The irony is that they wanted my boys to have blood work done around the same time to test for lead because of the pipes in our 100+year old house. They kept telling me, “It’s just routine, we hardly ever get actually worrisome results.” It baffles me that they’ll do that for “routine” screenings but balk so much at testing kids who are actually showing signs of illness for something that might be the root of that problem.
Thank you for sharing!
About the blood draw: My husband was tested by blood and was negative for Celiac Disease. Two years ago, my 2 daughters and I had gene tests via saliva. My girls have one copy of the Celiac Spru, and one gluten-sensitivity gene. This means one or both parents carry these genes. My results are that I do not have the Celiac Spru but do have 2 copies of the gluten-sensitivity gene. This leaves my husband, who only had the blood test. His doctor is a Western Medicine Medical school doctor.. so knows little about genes and nutrition, etc. His explanation was that the genes might be there but are dormant, so not everyone with a Celiac or gluten-sensitivity gene needs to be GF. I told him that for me, I have Neuropathy and have been able to totally off Neurontin since being GF and that I had taken that drug for 10 years! Anyone have ideas about the doctor’s thought on this?

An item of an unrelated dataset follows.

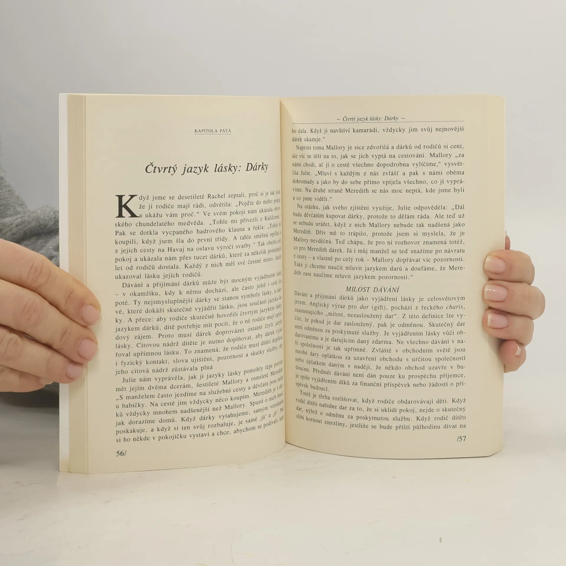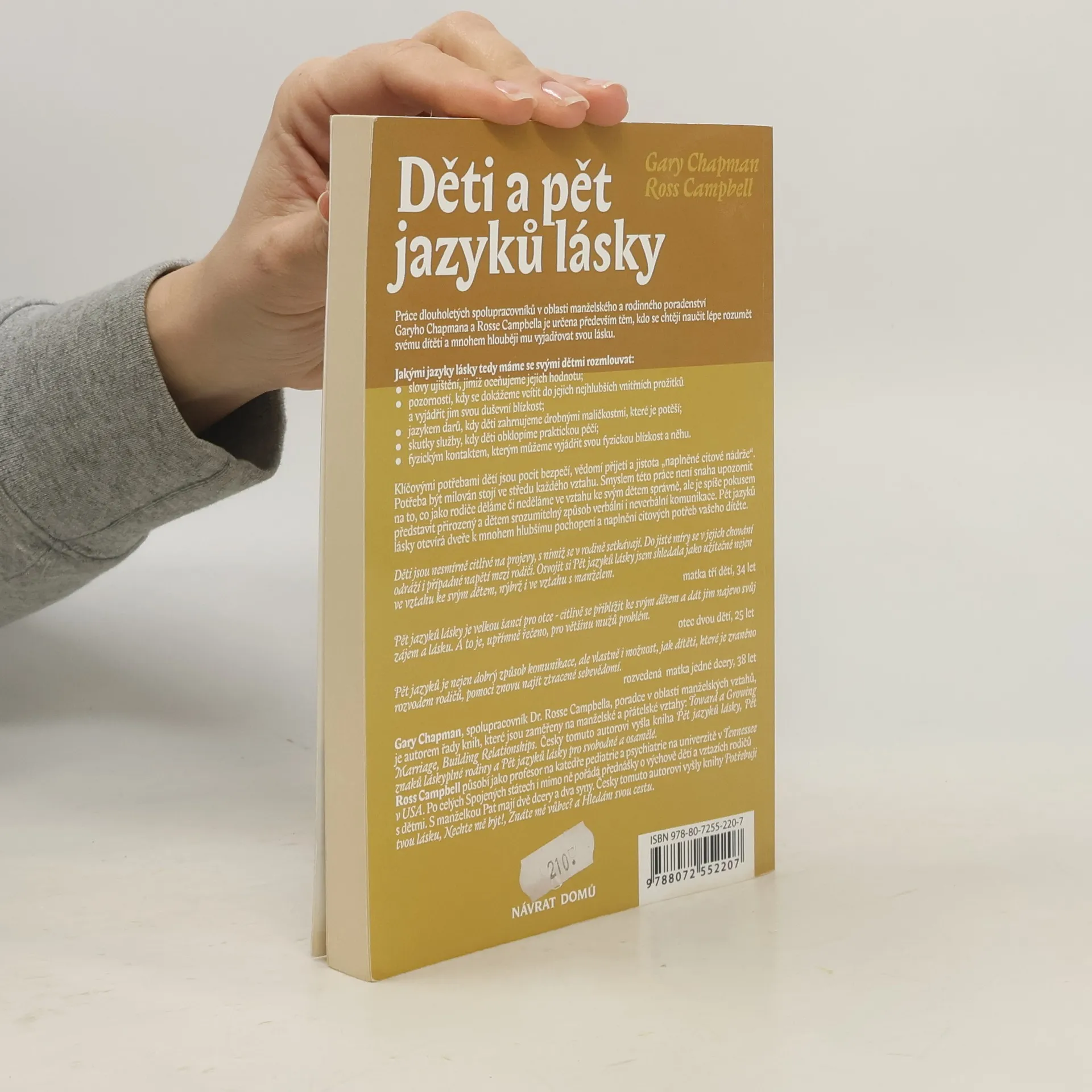 Naučte se hovořit jazykem lásky svých dětí / Práce dlouholetých spolupracovníků v oblasti manželského a rodinného poradenství G. Chapmana a R. Campbella je určena především těm, kdo se chtějí naučit lépe rozumět svému dítěti a mnohem hlouběji mu vyjadřovat svou lásku. Jakými jazyky tedy máme se svými dětmi rozmlouvat: * slovy ujištění, jimiž oceňujeme jejich hodnotu * pozorností, kdy se dokážeme vcítit do jejich nejhlubších vnitřních požitků a vyjádřit jim svou duševní blízkost * jazykem darů, kdy děti zahrnujeme drobnými maličkostmi, které je potěší * skutky služby, kdy děti obklopíme praktickou péčí * fyzickým kontaktem, kterým můžeme vyjádřit svou fyzikou blízkost a něhu

Thanks for sharing your story of how gluten sensitivity affected your son. It affected my son in the form of autism (impaired brain function). He is now considered recovered after going gluten and dairy-free. I think the whole world needs to know how this seemingly innocent plant (wheat and others) can cause havoc for us and our children.

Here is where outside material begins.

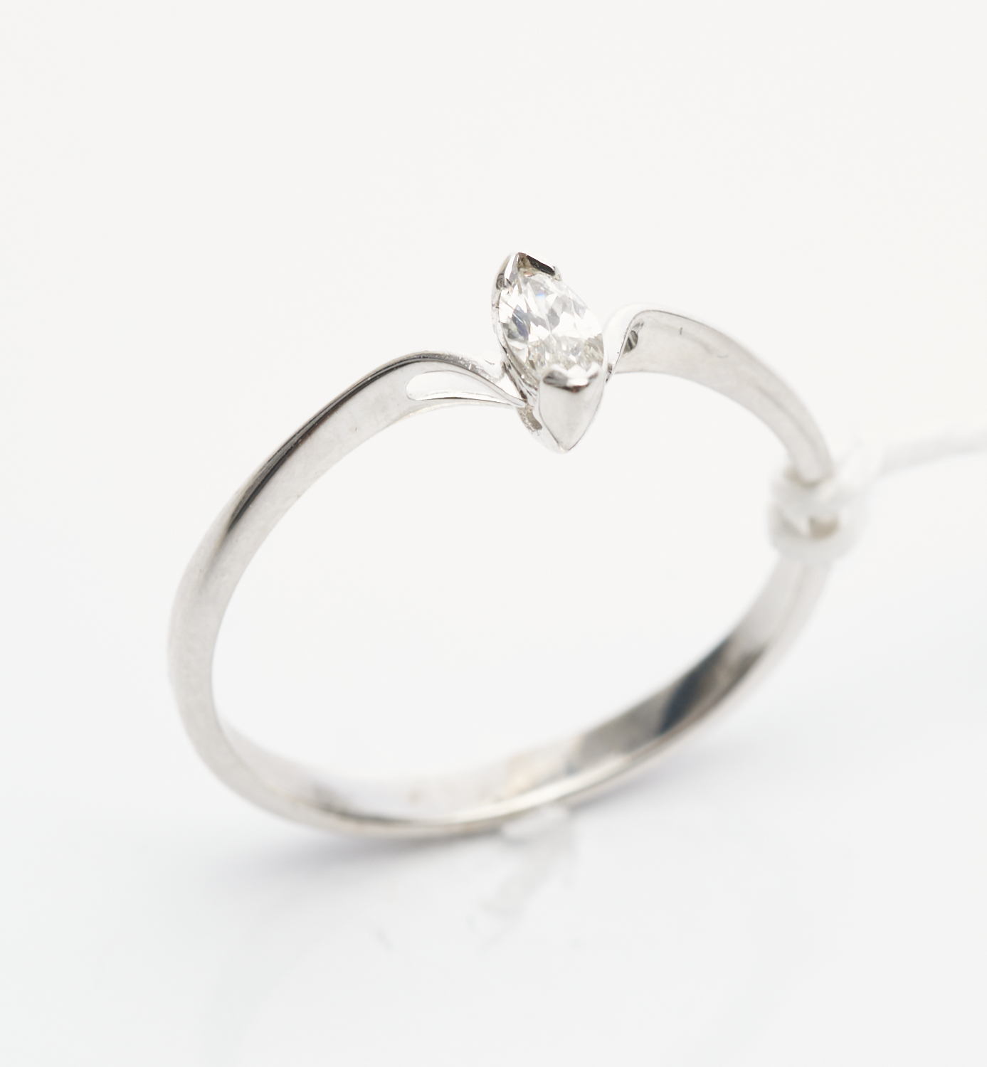 A MARQUISE CUT DIAMOND RING IN 14CT WHITE GOLD, THE DIAMOND ESTIMATED 0.10CT, SIZE P, 2.2GMS
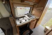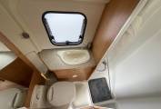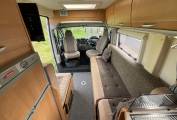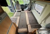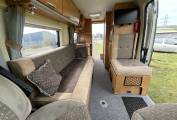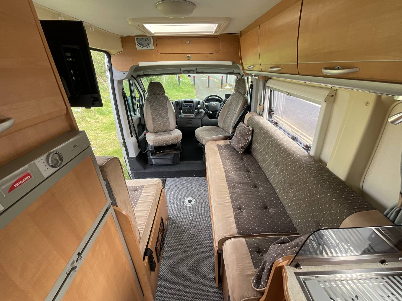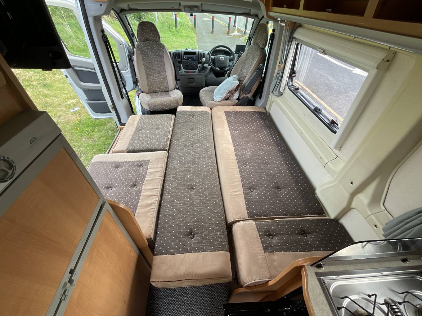 On entering via the side sliding door to your right is a single seat with three point seat belt, a long settee on the opposite side with two swiveling captain seats making up the lounge area.

Thanks so much for spreading the word, Rachel! This is important information, indeed! Samuel is so blessed to have you in his corner. 🙂
Oh this brings tears to my eyes! So very thankful that you fought to find out what was going on and saved that boy’s life!
Praying!
Psalms 27:13-14: I had fainted, unless I had believed to see the goodness of the LORD in the land of the living. Wait on the LORD: be of good courage, and he shall strengthen thine heart: wait, I say, on the LORD.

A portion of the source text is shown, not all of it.